В первые месяцы 1776 года ряды партии тех членов конгресса, которые выступали за международную поддержку, росла. Эти «радикалы» (а их радикализм состоял в отстаивании идеи независимости) согласовали ряд шагов, которые, по их мнению, давали надежду на успех войны за независимость. Братья Адамс, братья Ли и их сторонники считали, что первым важным шагом будет создание новых институтов власти в колониях. Хотя у них не было ясной идеи, какими должны быть эти органы, их создание должно было послужить сплочению американцев вокруг идеи независимости. Когда колонии образуют институты власти, следующими шагами должны стать, как писал Джон Адамс Патрику Генри, «образование конфедерации и определение основных пунктов континентальной Конституции; объявление колоний суверенным государством или несколькими конфедеративными государствами; и наконец, заключение договоров с иностранными государствами». Письмо Адамса Генри датировано 3 июня, когда уже было совершенно понятно, что все эти шаги — лишь вопрос времени, поэтому их порядок не очень важен[576].

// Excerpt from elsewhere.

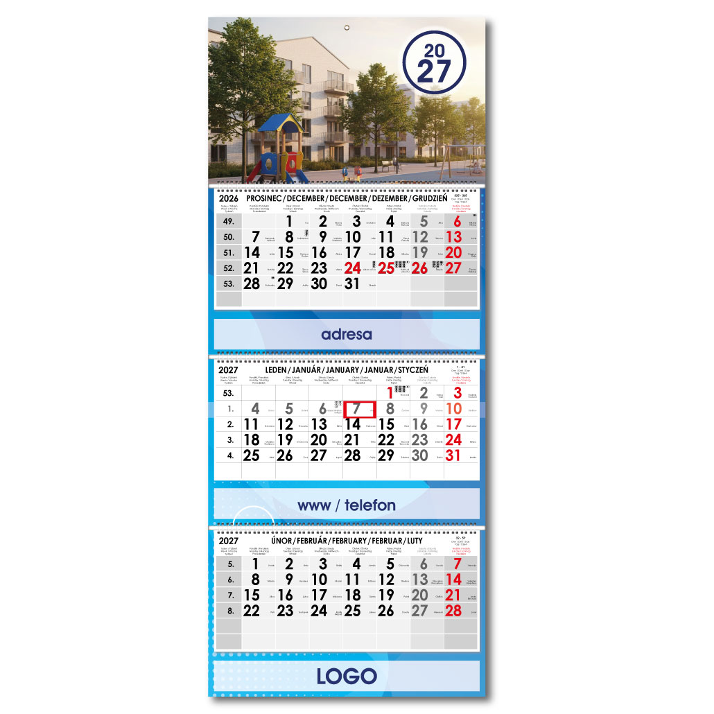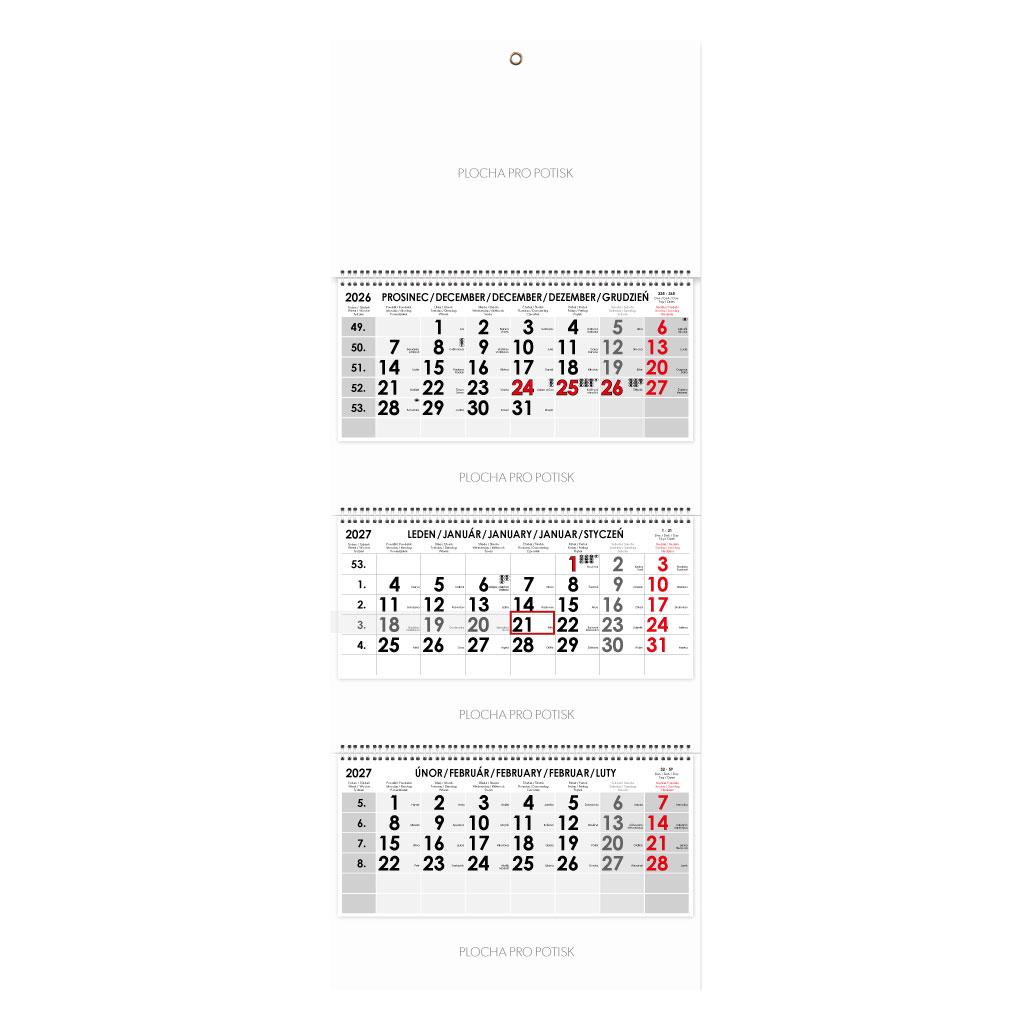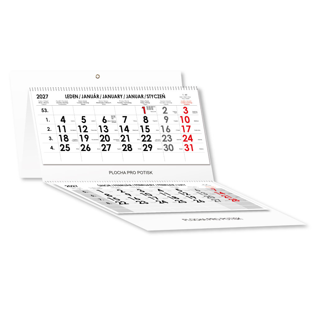 Trojmesačný kalendár Trio skládaný český so špirálou 2027 - sivý

А в феврале «радикалы» серьезно относились к последовательности своих действий как к важному для осуществления своих планов фактору, причем эти планы, хотя и имели в виду те шаги, которые Адамс перечислил в своем письме, включали в себя ряд мер, которые были по плечу только оформившемуся государству. Эти меры можно увидеть в проекте меморандума, составленного Джоном Адамсом: заключение союза с Францией и Испанией; отправка послов в эти страны; регулирование валютной системы; создание и обеспечение вооруженных сил в Канаде и Нью-Йорке; поощрение производства пеньки, парусины, селитры и пороха; взимание налогов; подписание договоров с Францией, Испанией, Голландией и Данией; начало каперской войны; объявление независимости и войны Англии. В программе «радикалов» были и другие пункты, но приоритетным оставалось объявление независимости[577].

«Радикалы» столкнулись с серьезной, хотя и малочисленной («Здравый смысл» послужил началу отказу общественного мнения от идеи примирения) оппозицией в конгрессе. Непростым вопросом являлось и взаимодействие радикалов с такими политиками. «Умеренные» не были настроены менее патриотично, чем «радикалы», не были они и менее озабочены защитой американских свобод — они соглашались, что последние подверглись за последний год жестокому подавлению. Но «умеренные» предпочитали видеть Америку свободной в лоне империи, а не саму по себе. Некоторые из них сомневались, что у колоний хватит сил существовать как самостоятельные государства, без поддержки со стороны метрополии.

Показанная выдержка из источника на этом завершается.